Шрифт:
Интервал:
Закладка:
Горохову уходить не хотелось, он сел невдалеке от солдата, тоже достал сигареты, но зажигалку сразу найти не смог, и тогда солдат встал и, подойдя к нему, поднёс к его сигарете свою.
Андрей Николаевич предложил ему сигарету, но тот отказался, хотя и заметил:
– О-о. А дорогие сигареты теперь курят охотники.
– Ну… У меня не так уж много радостей осталось, да и пачки мне хватает дня на четыре, так что… – отвечал ему Горохов.
– Ну понятно, – солдат снова сел на своё место и сделал затяжку.
Солдат давно уже не молод, даже тут, в тени здания, видны морщины вокруг его глаз, и уполномоченный спрашивает у него:
– Четвёртый срок?
Любой здоровый человек, мужчина и даже женщина, может получить пропуск на север, если отслужит без нареканий четыре срока по пять лет. Многие решались связать свою жизнь с армией: деньги кое-какие, довольствие, пропуск на север. Вот только за всё это нужно было расплачиваться годами своей жизни, проводя время на краю вселенной, в таких вот невесёлых и иссушенных солнцем местах, как эта Семнадцатая застава.
– Так точно, четвёртый срок, – отвечает солдат, тушит окурок о бетон, лезет в карман, достаёт ещё одну сигарету, закуривает и добавляет: – Тридцать два дня до демобилизации.
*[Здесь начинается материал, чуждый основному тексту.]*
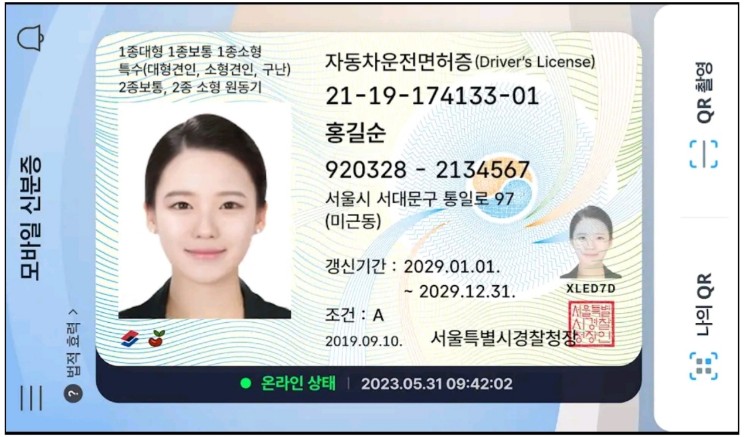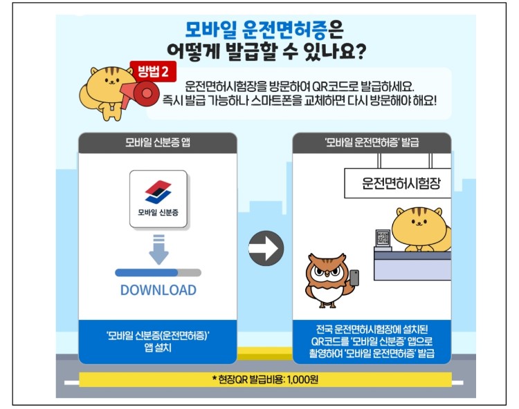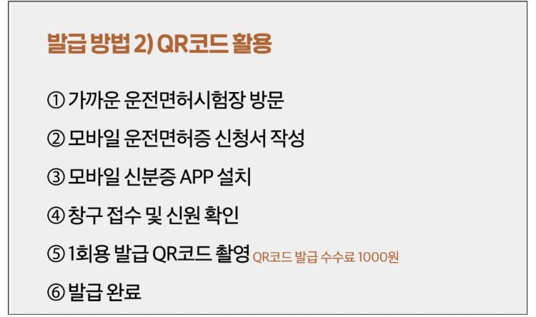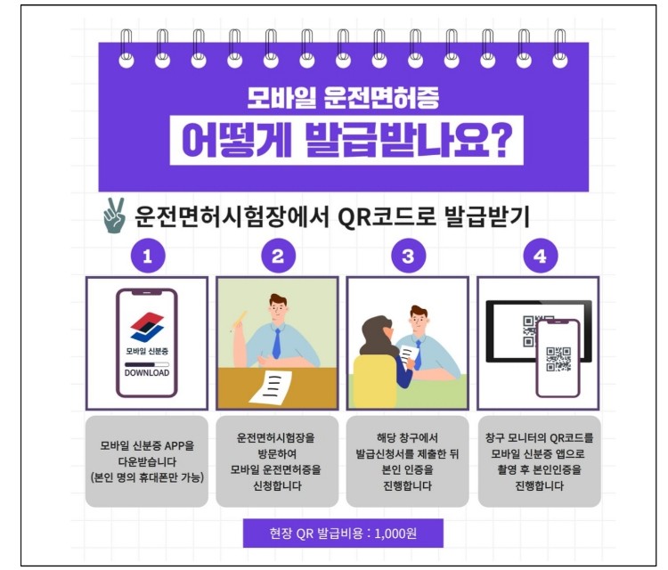 운전면허시험장 창구에 설치된 QR코드를 모바일 신분증 앱으로 촬영하여 발급받는 방식입니다. QR 발급 비용은 1000원입니다. 스마트폰 교체나 분실 시 모바일 운전면허증을 다시 발급받아야 할 경우 운전면허시험장을 재방문해야 합니다.

– Тридцать два дня? И путёвка на север?
– Ну, вроде как, – солдат с удовольствием курит и щурится, как от предвкушения. – Поеду погляжу, как растут там деревья на берегу морей. Всю жизнь хотел это посмотреть.
Андрей Николаевич тоже. И тут ему в голову приходит одна мысль. Он всё никак не мог смириться с тем, что не смог передать письмо Наталье; даже когда выпивал вчера с прапорщиком и Мишей, даже тогда про письмо вспомнил один раз. И вот тут такой случай.
– Слушай, друг, ты же через Соликамск поедешь? – спрашивает он с надеждой.
– Ну, так… У нас комендатура в Березняках, – отвечает солдат, – значит, буду и в Соликамске.
– Друг, понимаешь, тут такое дело… – уполномоченный делает паузу.
– Полынь не повезу, не проси даже, – предупреждает военный.
– Да какая полынь, – отмахивается Горохов. – Письмо. Нужно жене моей передать письмо. Зовут её Наталья Базарова, адрес я тебе скажу, – он достаёт из кармана кусочек бумаги. – Вот, я тебе адрес тут напишу.
– Так зачем это? – не понимает солдат. – У нас здесь почта бывает раз в две недели, как часы работает, всяко оно быстрее дойдёт, чем я через месяц повезу.
Горохов морщится и говорит:
– Понимаешь, нельзя по почте.
– А что же там такого в письме, что по почте нельзя? – всё ещё не понимает военный.
– Ничего там такого нет, хочешь – прочти, – отвечает ему уполномоченный, – но по почте нельзя, нужно в руки отдать. Просто… понимаешь, велика вероятность… Боюсь, я не увижусь с нею, вот и говорю, как ей жить дальше.
– А она тебе кто?
– Жена. Беременна сейчас. Боюсь, если не вернусь, не справится. Поэтому и пишу.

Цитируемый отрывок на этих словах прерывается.